PROBLEM STATEMENT.
Transcribe the whole listing exactly, but do not carry over its pictures.
*** INPUT DATA
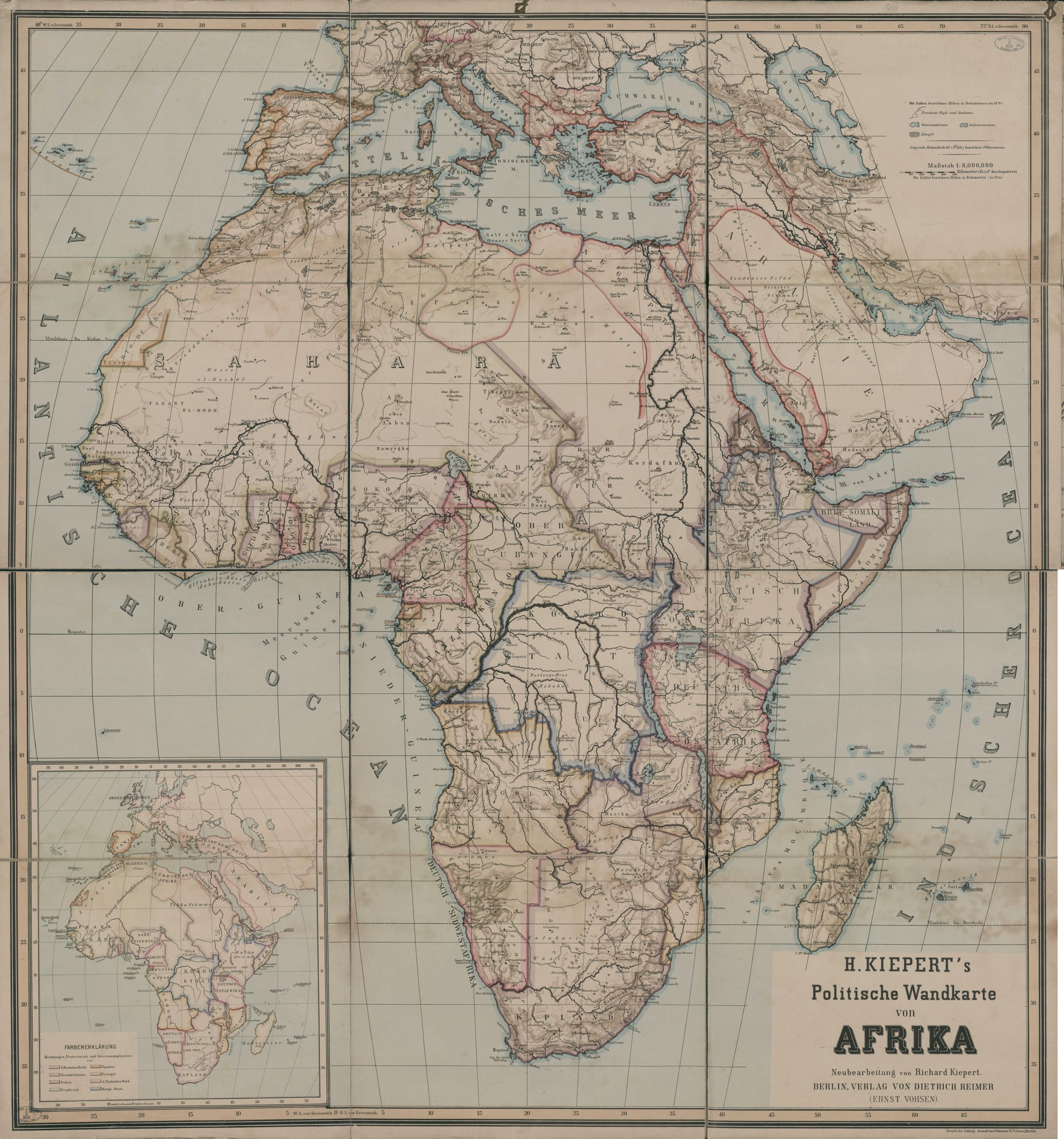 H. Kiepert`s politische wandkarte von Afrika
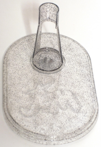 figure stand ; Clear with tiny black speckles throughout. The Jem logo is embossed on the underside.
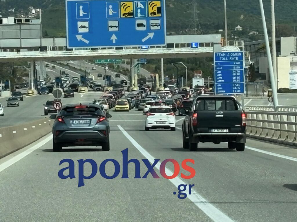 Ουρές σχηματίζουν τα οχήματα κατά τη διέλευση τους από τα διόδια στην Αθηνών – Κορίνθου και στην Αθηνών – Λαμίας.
******
THE ANSWER.
 H. Kiepert`s politische wandkarte von Afrika
 figure stand ; Clear with tiny black speckles throughout. The Jem logo is embossed on the underside.
 Ουρές σχηματίζουν τα οχήματα κατά τη διέλευση τους από τα διόδια στην Αθηνών – Κορίνθου και στην Αθηνών – Λαμίας.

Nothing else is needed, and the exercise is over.